I agree about the electricians and their ladders. why bother to put your name on it if it won't even remind you to put it on top of your truck!

b


----------



## Kingfisher (Mar 18, 2007)

I have left thing over my career, but I think all and all as a GC I'm ahead in the game now:whistling I have found several extension cords, hoses, 2 axs, 2 6' step ladders, hammers, tapes, 20' extention pole elec. uses for fishing wire in drop cielings, screw drivers, and cones. I keep them on the job till the end for the owners, then if they are any good I take them to the next job. Its nice to have a hose, extention cord , and 6' step on all your jobs without caring if they walk off:laughing:


----------



## KillerToiletSpider (May 27, 2007)

Kingfisher said:


> I have left thing over my career, but I think all and all as a GC I'm ahead in the game now:whistling I have found several extension cords, hoses, 2 axs, 2 6' step ladders, hammers, tapes, 20' extention pole elec. uses for fishing wire in drop cielings, screw drivers, and cones. I keep them on the job till the end for the owners, then if they are any good I take them to the next job. Its nice to have a hose, extention cord , and 6' step on all your jobs without caring if they walk off:laughing:


Two months ago one of the electricians left a Hilti cordless sawzall on a job, case charger and all. I called the owner of the company, and he tells me that it was Adrian's personal sawzall, and to just keep it, as Adrian' work visa was up and he had returned to Ireland.


----------



## aWorkaHolic (Oct 1, 2007)

One of my clients called me up a few months ago and informed me that my crew forgot to bring back a scissor lift. I sent one of my guys out there to retrieve it. When he brought it back to the yard, I noticed that it wasn't ours. Come to think about it, I don't ever recall buying one for the company we always rent one. So I called the rental company that it belonged to and informed them I have one of their lifts....what did the rental guy say???? Sorry sir but all our lifts have been checked in and accounted for.

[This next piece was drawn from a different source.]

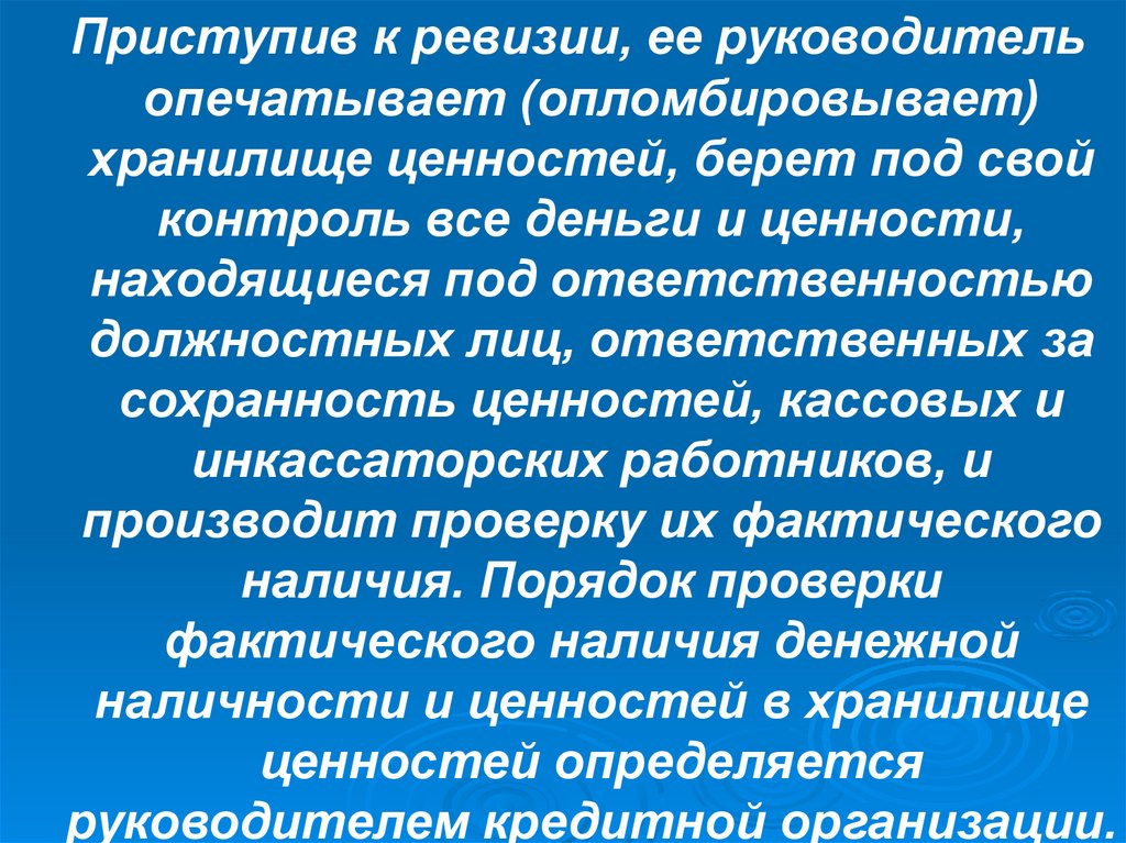 Приступив к ревизии, ее руководительопечатывает (опломбировывает)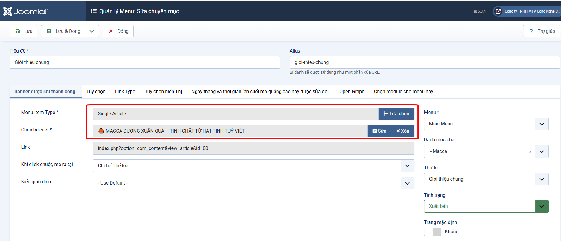 Trường hợp 2 (hình 10, 11): Khi anh/chị chọn “Menu Item Type” là “Single Article” có chức năng là hiển thị một bài viết duy nhất, khi chọn vào chức năng này thì sẽ không tạo được danh mục liên kết và sẽ chỉ hiển thị một bài viết duy nhất. Ví dụ khi chọn “Single Article” (hình 11) thì khi nhấn vào chọn tiêu đề “Giới thiệu chung” (hình 21) sẽ chỉ hiển thị một bài viết duy nhất liên kết với danh mục con này.

So being the nice person I am, I asked him to get his manager. I spoke to the manager a couple of weeks later and he thanked me for finding the missing lift. I off course used it on many jobs before returning it.

We later found out that it was rented out by another contractor that forgot all about it when he was kicked of the job.


----------



## Chazbe (Apr 13, 2007)

I could see misplacing or leaving a hammer or screwdriver now and then but a SCISSORS LIFT!!!!

If someone left that I would wonder what their work would be like.
Chuck


----------



## aWorkaHolic (Oct 1, 2007)

Chazbe said:


> I could see misplacing or leaving a hammer or screwdriver now and then but a SCISSORS LIFT!!!!
> 
> If someone left that I would wonder what their work would be like.
> Chuck


 From what I understood , the kid that worked at the rental yard had checked it as a returned item on the shops paper work when the other contractor called it in to be picked up. I really don't think that kid works there anymore. 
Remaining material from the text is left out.